Ganz zum Schluss kommt das Gespräch noch auf das grassierende Phänomen des Literaturtourismus. Piatti betont, dass wir an einem Ort das Unmögliche par excellence suchen. Auf literarischen Spuren zu reisen geht daher oft mit einer Enttäuschung einher. Die Landschaft kann dabei jedoch das Portal in eine fiktive Welt sein, sozusagen der einzige Aspekt der Geschichte – im Gegensatz zu den Figuren und Handlungen –, der sich ein Stück weit erschliessen lässt und an dem sich das Imaginäre und das für uns Erkennbare zu vermengen beginnen.

A long way down

Feierabend, das Pressebüro schliesst für heute die Pforten. Morgen früh um 10 geht es weiter, dann u.a. mit einem ausführlichen Gespräch mit Michael Fehr, der Preisverleihung an Terézia Mora und dem weiten, weiten Feld „Schweiz schreiben“.

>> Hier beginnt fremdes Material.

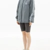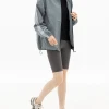 어깨선이 살짝 내려와 루즈한 실루엣이 연출되었고, 팔 길이도 손등을 살짝 덮는 정도로 길어졌어요.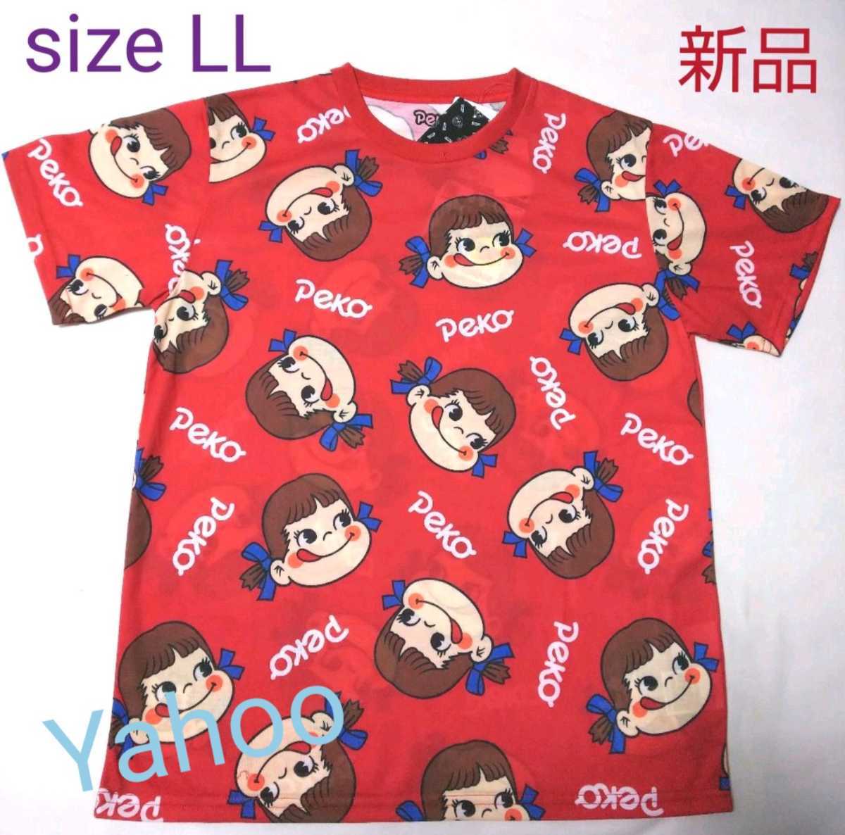 - ペコちゃん Tシャツ 男女兼用 レッド総柄 LLsize【新品・タグ付き】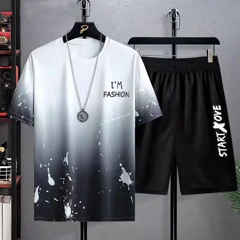Summer Streetwear Hip Hop Print Clothing Men Shorts Set Mens Sets 2 Piece Clothes MTPS-004
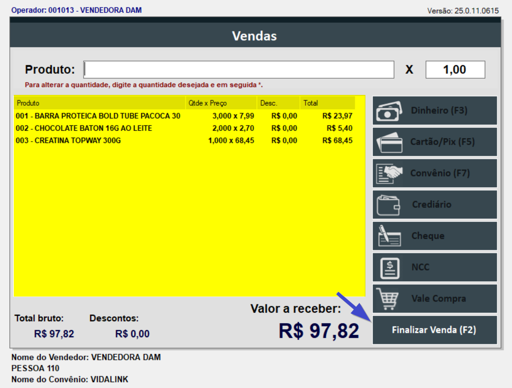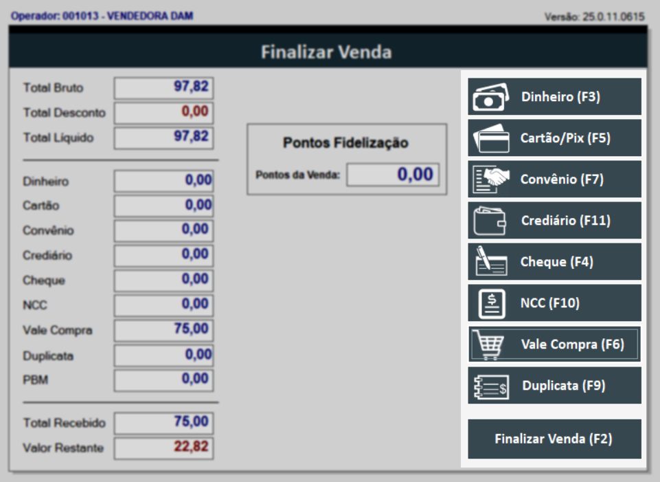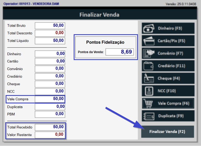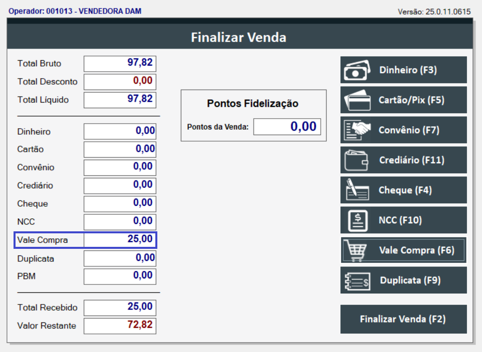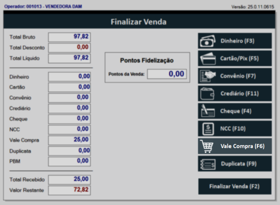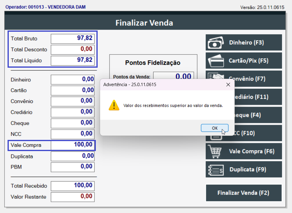 Quando o valor da venda for superior ao valor do vale-compra, será necessário selecionar outra forma de pagamento, ou, adicionar outro vale-compra para complementar o valor restante e, somente após, finalizar a venda. Confira a seguir.

Auf weitem Feld findet sich übrigens auch wieder, wer der gern gemachten Angabe folgt, das Stadion liege etwa fünfzehn Minuten von der Altstadt („einfach die Aare runter“) entfernt. Nach besagter Viertelstunde trafen zumindest wir auf eine freundliche Hündelerin, die uns bei strammem Schritt zwanzig weitere Minuten prophezeite. Innerhalb derer wir mit dem Solothurner Freibad den einzigen Ort passierten, der noch bevölkerter war als die Altstadt. Und kurz vor deren Ablauf wir immerhin eine staubige Kreuzung erreichten. Als der Dunst des vorbeifahrenden Rollators sich gelegt hatte, eine Art Fata Morgana im Juraschatten. Masten, Zäune, niedrige Baracken. Vielleicht ein Stadion? Oder doch eine Hühnerfarm? Was auch immer es war, es war weit weg. 34 Grad in der Sonne, 35 Minuten zurück. Zu Tim Krohns Lesung kamen wir gerade noch pünktlich, Carlo Spillers Geschicke mit der Autoren-Nati mussten wir im Buchjahr-Blog verfolgen. Auf Google, später, sah das Ganze dann doch kürzer aus. Nur „einfach die Aare runter“ lag dabei nicht drin. Fair enough, um es einmal mit Tom Kummer zu sagen. Der übrigens morgen noch in Solothurn zu hören sein wird. Sofern er nicht mit Göldin im Freibad schwänzt.